So yea on authenticity and access control, nay on transmitting ciphertext.

------
philpem
I love the concept - I've been working on something similar myself using an
MMDVM (with custom programming) and a pair of Icom mobile transceivers.

My only comments from reading the protocol spec -- and I need to emphasize,
this is one British ham's opinion and is worth precisely what you paid for it,
i.e. nowt :)

\- Data whitening is a great addition. Too few ham protocols use this, and as
a result it's a pain to find suitable transceivers (other than ham-spec ones)
for them on the used market.

\- Forward error correction scheme looks a bit weak. Nice compared to most ham
protocols though (which sometimes just have a CRC). The main thing is, if you
get a burst error which straddles two blocks, you lose block N's CRC and block
N+1's first few data bytes -- which would be uncorrectable.

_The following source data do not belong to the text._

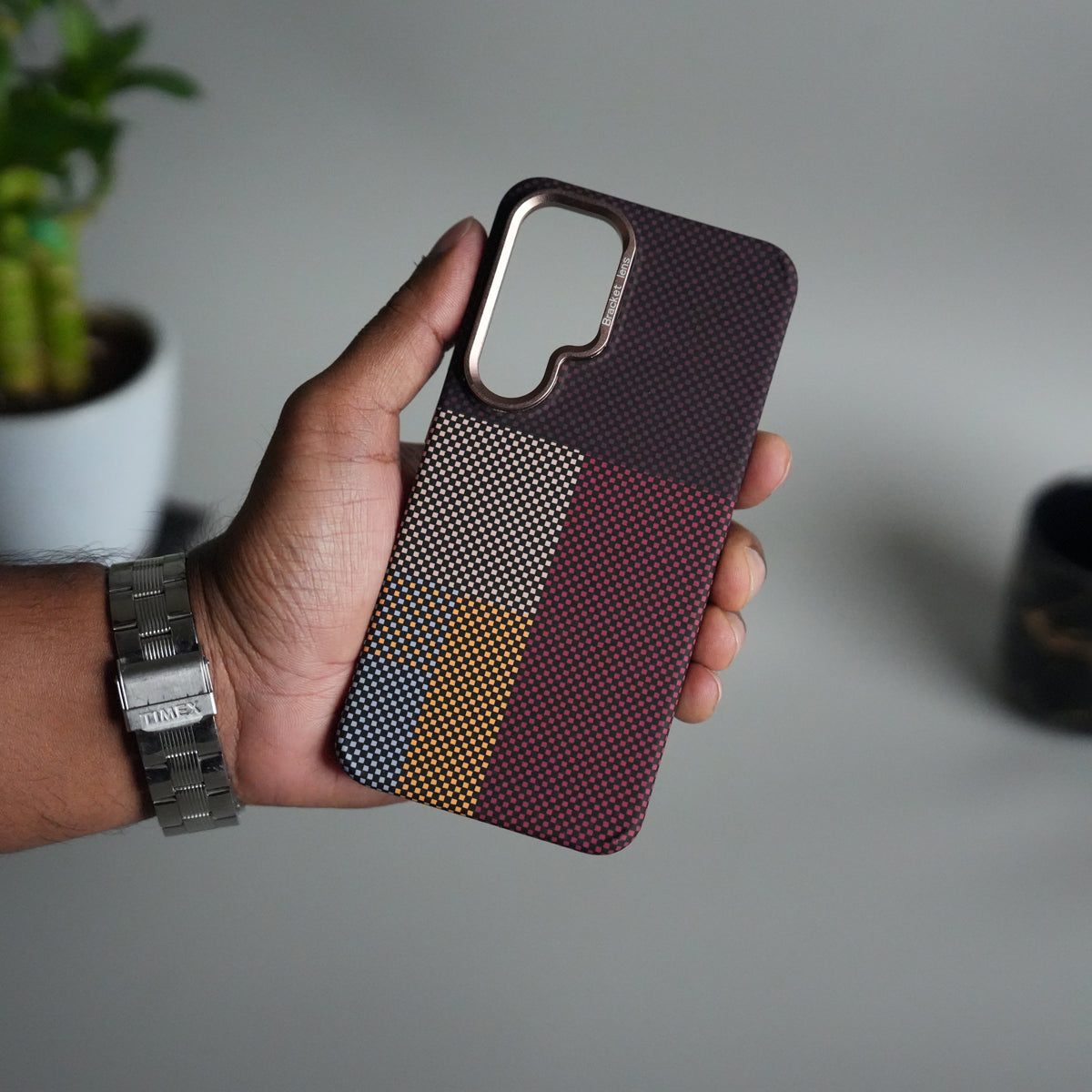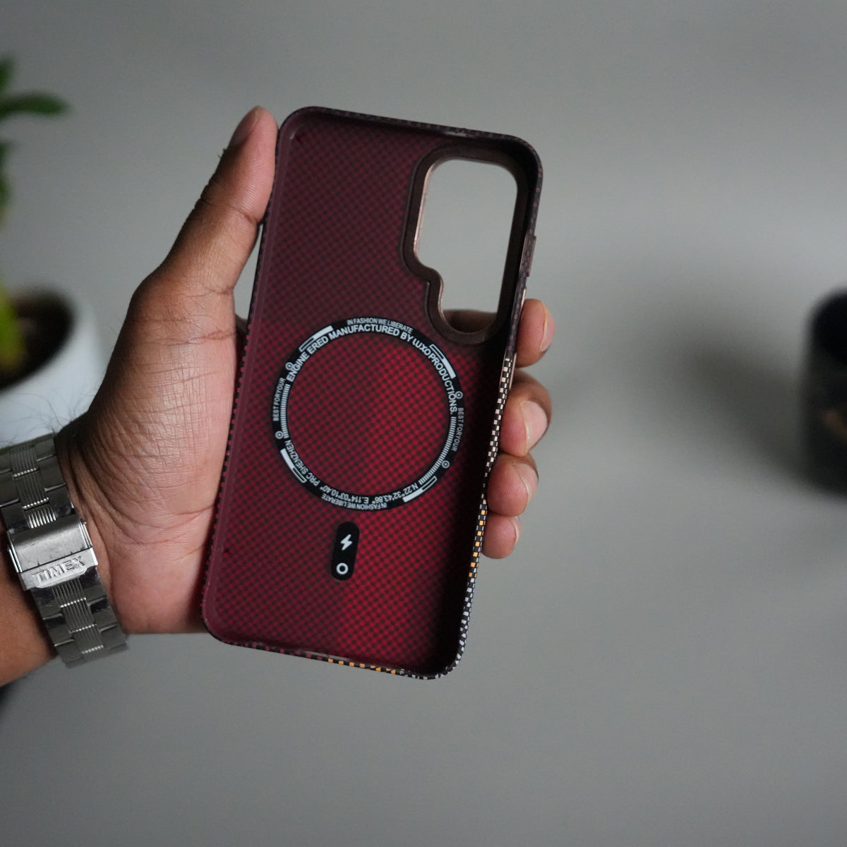 Galaxy S24 Carbon Fiber Texture Design Hard Pc MagSafe Case Cover CornerYellow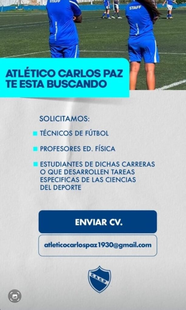 Atlético Carlos Paz, cuyo manager deportivo es Agustiín Díaz, el exvolante central forjado en el club y que tuviera trascendencia nacional en Talleres, está a la búsqueda de profesionales para que integren el Área Fútbol del club. Solicita técnicos, profes de educación física y estudiantes de esas carreras o que desarrollen tareas específicas en […]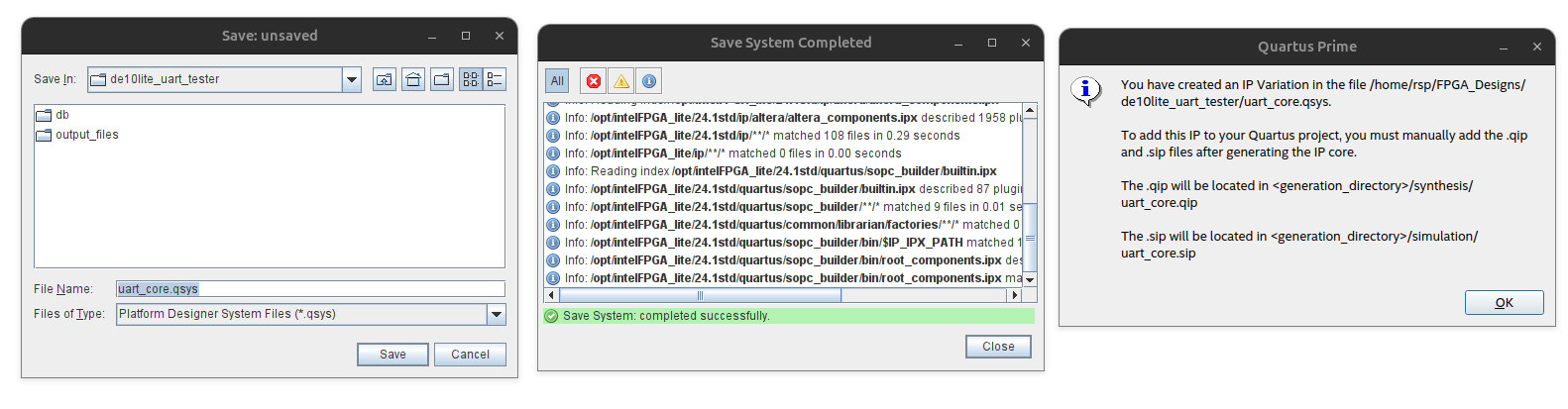 Note that for serial data communication, Quartus Prime software provides some UART IP cores such as RS232-UART Core (Intel FPGA IP for Intel DE-Series Boards), Intel FPGA 16550 Compatible UART Core, UART Core, Lightweight UART Core and JTAG-UART Core.

\- It'd be nice to see some narrowband modes, maybe 8Kbps in a 12k5 narrow
channel or 16Kbps in a 25kHz channel. With 45kHz deviation 360kbps 4GMSK (Mode
22), you're looking at 270kHz bandwidth. That's pretty darn wide! So wide, in
fact, it wouldn't be reasonably usable in the UK if you wanted to adhere to
the RSGB Bandplan.

I think it should be possible to get some pretty big improvements in error
correction by using a better error-correction code (POCSAG's (31,21)BCH code
would be a good starting point) and employing bitwise interleaving.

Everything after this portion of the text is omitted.